All tissue samples for proteomic analysis were obtained by freezing the tissue within 5–10 minutes of excision during surgery and after placing the tissues in OCT medium (10.24% polyvinyl alcohol, 4.26% polyethylene glycol, and 85.5% non-reactive ingredients). Three samples were obtained from each resection: tumor tissue sample, adjacent healthy tissue (within 1 cm of the tumor) and distant uninvolved lung tissue. While keeping the samples constantly frozen, five 10-µm thick sections were cut, trimmed of excess OCT from around the tissue, and placed into frozen 1.5 mL microfuge tubes. Following the addition of 200 µl homogenization buffer (40 mM HEPES, 125 mM NaCl, 5 mM KCl at pH 7.5 plus HALT protease inhibitor cocktail (Pierce)), the samples were homogenized in the microfuge tubes on ice with rotary pestle for 30 seconds, until no tissue fragments were visible. The samples were then spun in a centrifuge at 21,000×g for 10 minutes and filtered through a 0.2 µm multi-well plate filter into a sterile multi-well plate. Five µl aliquots were taken for micro-BCA protein assay (Pierce) and the rest of the sample was stored frozen and sealed in 96 well plates at −70°C.

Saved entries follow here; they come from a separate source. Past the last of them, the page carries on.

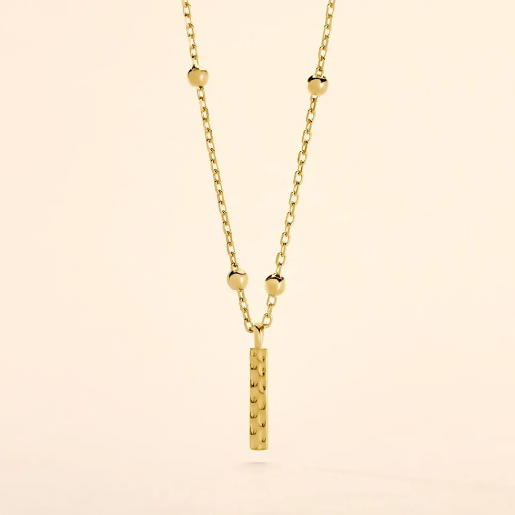 Collier Plaque Or Jaune Lettre I Martelee Et Petites Boules Chaine Maille Forcat Longueur 45cm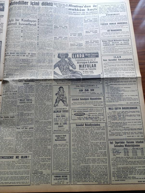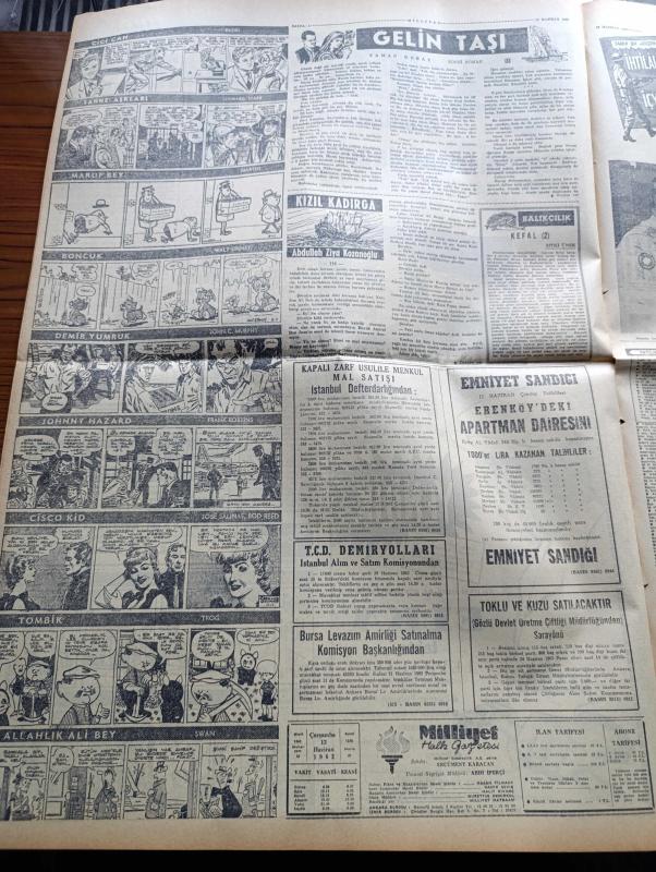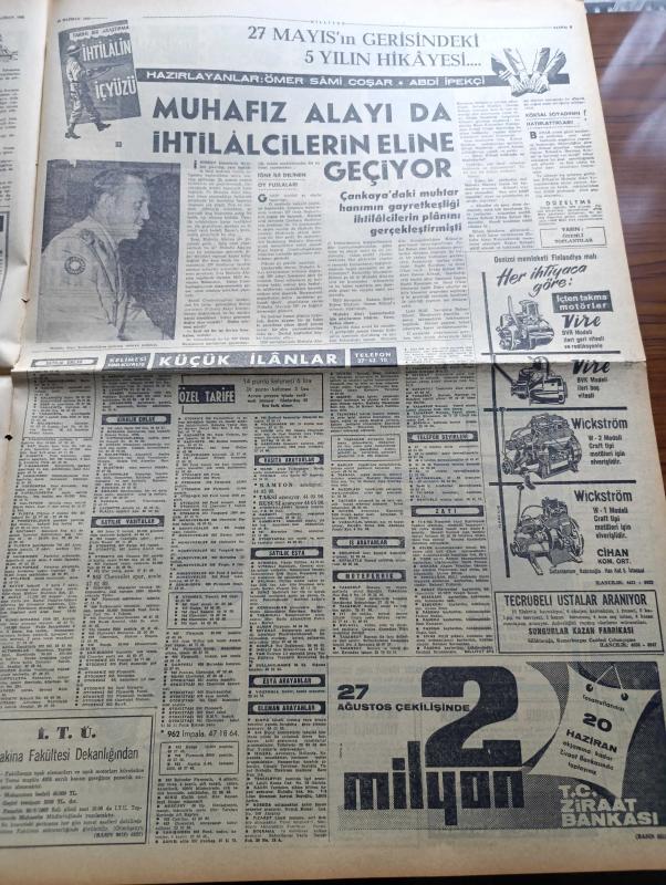 Milliyet Gazetesi - 13 Haziran 1962 - İsmet İnönü Yeni Türkiye Partisi Ve Cumhuriyetçi Köylü Millet Partisi Liderleri İle Görüştü - Üçlü Bir Koalisyon İhtimali Kuvvetlendi - Cevdet Perin Adalet Partisinden Çekildi - Millet Partisi Kuruluyor - İstanbul'a Gelen Ünlü Fransız Aktristi Marie Bell'e 4 Kırmızı Gül - Sovyetler 35 Milyon Türk'ü Ruslaştırmaya Çalışıyorlar - Dün Bir Öğrenci Daha İmtihandan Sonra Öldü - İslamiyet Afrika'da Hızlıca Yayılıyor - Çetin Altan Köşe Yazısı - Sarışın Bomba Jayne Mansfield Bir Sütyenle Kaldı - Amerikalı Astronot Yarbay John Glenn'in Dostluk 7 Kapsülü İstanbul'a Geldi - Akbaba Dergisi Hüseyin Korkmazgil Yusuf Ziya Ortaç Ve Rıfat Ilgaz - Abdülcanbaz'ın Maceraları Çizen Turhan Selçuk - Gelin Taşı Yazan Yaman Koray Yazı Dizisi - Kızıl Kadırga Yazan Abdullah Ziya Kozanoğlu Yazı Dizisi - Cici Can Çizen Bedri - 27 Mayıs'ın Gerisindeki 5 Yılın Hikâyesi Hazırlayanlar Ömer Sami Coşar Abdi İpekçi - Zaman Ve Şöhrete Karşı Yıkılmayan Şöhretler - Katherine Hepburn, Ali Naci Karacan tarafından kaleme alınmıştır. Milliyet Gazetesi - 13 Haziran 1962 - İsmet İnönü Yeni Türkiye Partisi Ve Cumhuriyetçi Köylü Millet Partisi Liderleri İle Görüştü - Üçlü Bir Koalisyon İhtimali Kuvvetlendi - Cevdet Perin Adalet Partisinden Çekildi - Millet Partisi Kuruluyor - İstanbul'a Gelen Ünlü Fransız Aktristi Marie Bell'e 4 Kırmızı Gül - Sovyetler 35 Milyon Türk'ü Ruslaştırmaya Çalışıyorlar - Dün Bir Öğrenci Daha İmtihandan Sonra Öldü - İslamiyet Afrika'da Hızlıca Yayılıyor - Çetin Altan Köşe Yazısı - Sarışın Bomba Jayne Mansfield Bir Sütyenle Kaldı - Amerikalı Astronot Yarbay John Glenn'in Dostluk 7 Kapsülü İstanbul'a Geldi - Akbaba Dergisi Hüseyin Korkmazgil Yusuf Ziya Ortaç Ve Rıfat Ilgaz - Abdülcanbaz'ın Maceraları Çizen Turhan Selçuk - Gelin Taşı Yazan Yaman Koray Yazı Dizisi - Kızıl Kadırga Yazan Abdullah Ziya Kozanoğlu Yazı Dizisi - Cici Can Çizen Bedri - 27 Mayıs'ın Gerisindeki 5 Yılın Hikâyesi Hazırlayanlar Ömer Sami Coşar Abdi İpekçi - Zaman Ve Şöhrete Karşı Yıkılmayan Şöhretler - Katherine Hepburn adlı eser Türkçe dilindedir.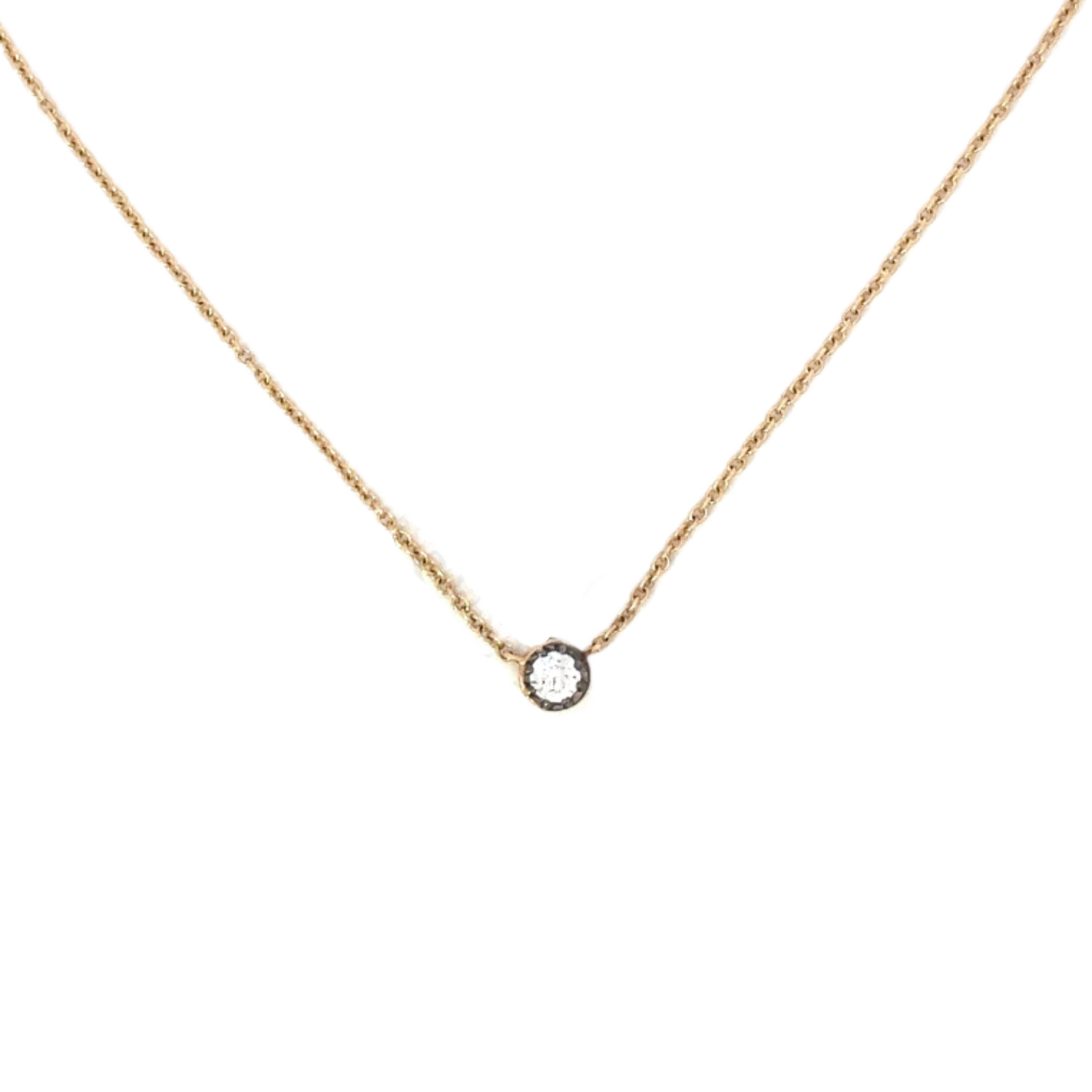 Yellow Gold Single Bezeled Diamond Rhodium Necklace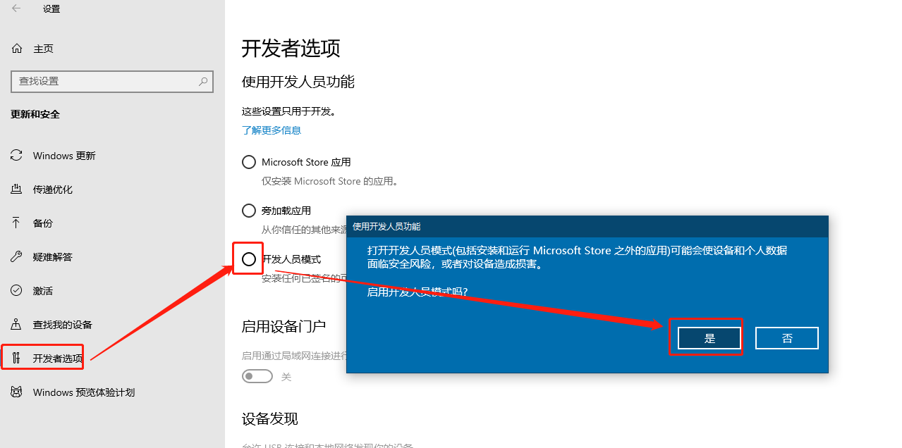 设置-->更新和安全-->开发者选项-->开发人员模式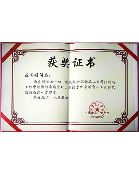 20197 月為表彰陳芬娟2016-2017年度在全國食品工業(yè)科技創(chuàng)新工作中做出的貢獻,中國食品工業(yè)協(xié)會授予陳芬娟榮譽稱號和證書 -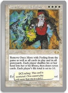 Remove Once More with Feeling from the game as well as all cards in play and in all graveyards. Each player shuffles his or her hand into her or his library, then draws seven cards. Each player's life total is set to 10. DCI ruling: This card is restricted. (You cannot play with more than one in a deck.)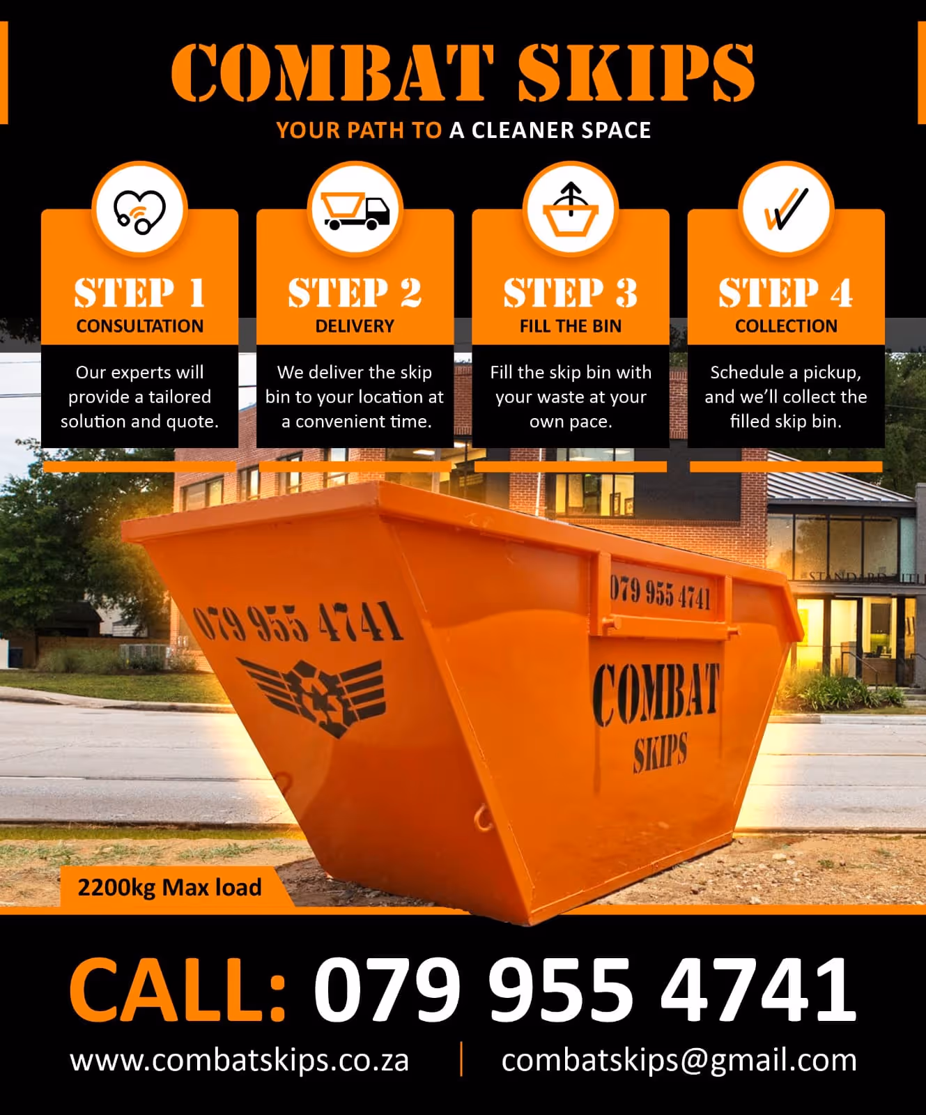 This project created a series of social media ads for Combat Skips, highlighting their four-step waste removal process with bold visuals featuring their signature orange skip bins and winged recycling logo.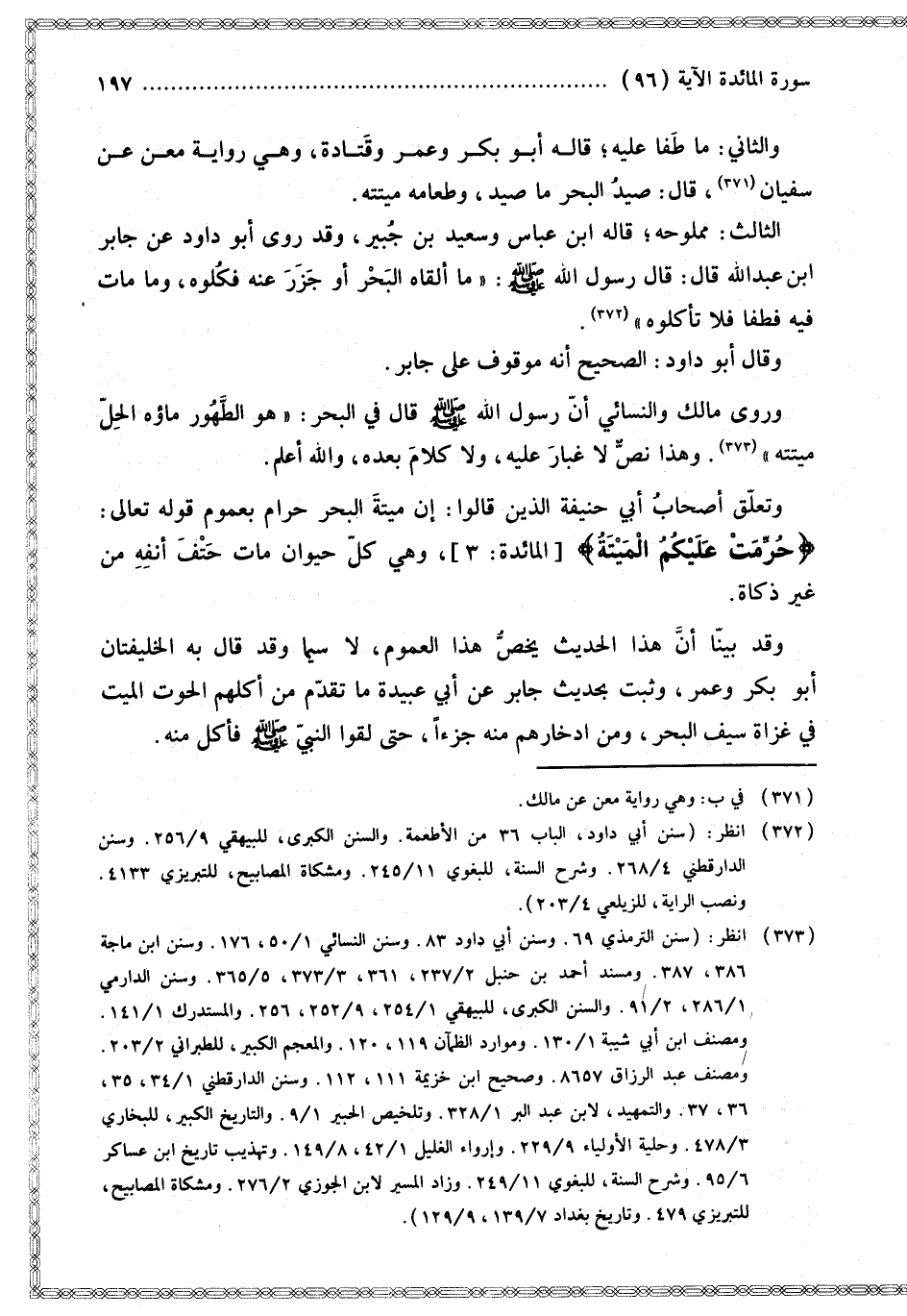 وَقَدْ بَيَّنَّا أَنَّ هَذَا الْحَدِيثَ يَخُصُّ هَذَا الْعُمُومَ، لَا سِيَّمَا وَقَدْ قَالَ بِهِ الْخَلِيفَتَانِ أَبُو بَكْرٍ وَعُمَرُ، وَثَبَتَ بِحَدِيثِ جَابِرٍ «عَنْ أَبِي عُبَيْدَةَ مَا تَقَدَّمَ مِنْ أَكْلِهِمْ الْحُوتَ الْمَيِّتَ فِي غُزَاةِ سَيْفِ الْبَحْرِ، وَمِنْ ادِّخَارِهِمْ مِنْهُ جُزْءًا، حَتَّى لَقُوا النَّبِيَّ - صَلَّى اللَّهُ عَلَيْهِ وَسَلَّمَ - فَأَكَلَ مِنْهُ».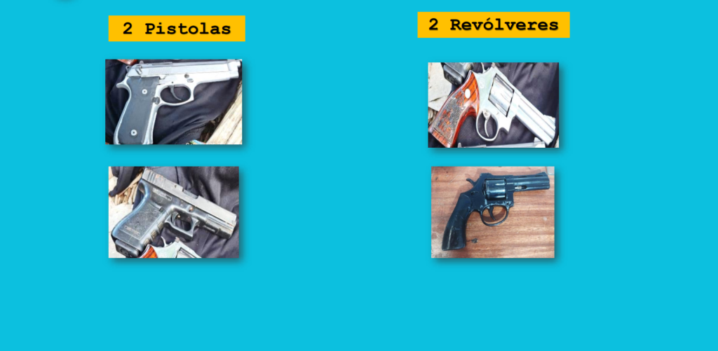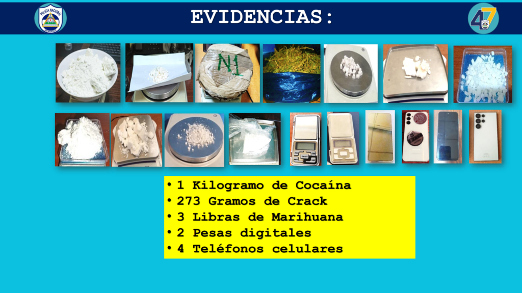“Evidencias ocupadas un kilo de cocaína, 273 gramos de crack, 3 libras de marihuana, dos pesas digitales y cuatro teléfonos celulares. También durante este plan se ocuparon cuatro armas de fuego, dos pistolas y dos revólveres”, detalló el informe de la institución del orden público.

Sample total protein was adjusted to16 µg/mL in SB17T buffer (40 mM HEPES, 125 mM NaCl, 5 mM KCl, 5 mM MgCl2, 1 mM EDTA, 0.05% Tween-20 at pH 7.5) for proteomic profiling. Samples prepared in this manner were analyzed on the SomaLogic biomarker discovery assay using Agilent slide read-out that measures 820 human proteins as described previously . The proteins against which the SOMAmers included in this assay were selected are given in Table S1. Briefly, this assay uses SOMAmers to transform protein concentration into a corresponding DNA concentration through a series of steps involving affinity binding and capture of biotin onto streptavidin beads. The final DNA concentration is measured as relative fluorescence units (RFU) from the fluorescent SOMAmer hybridized to a complementary probe on an Agilent array.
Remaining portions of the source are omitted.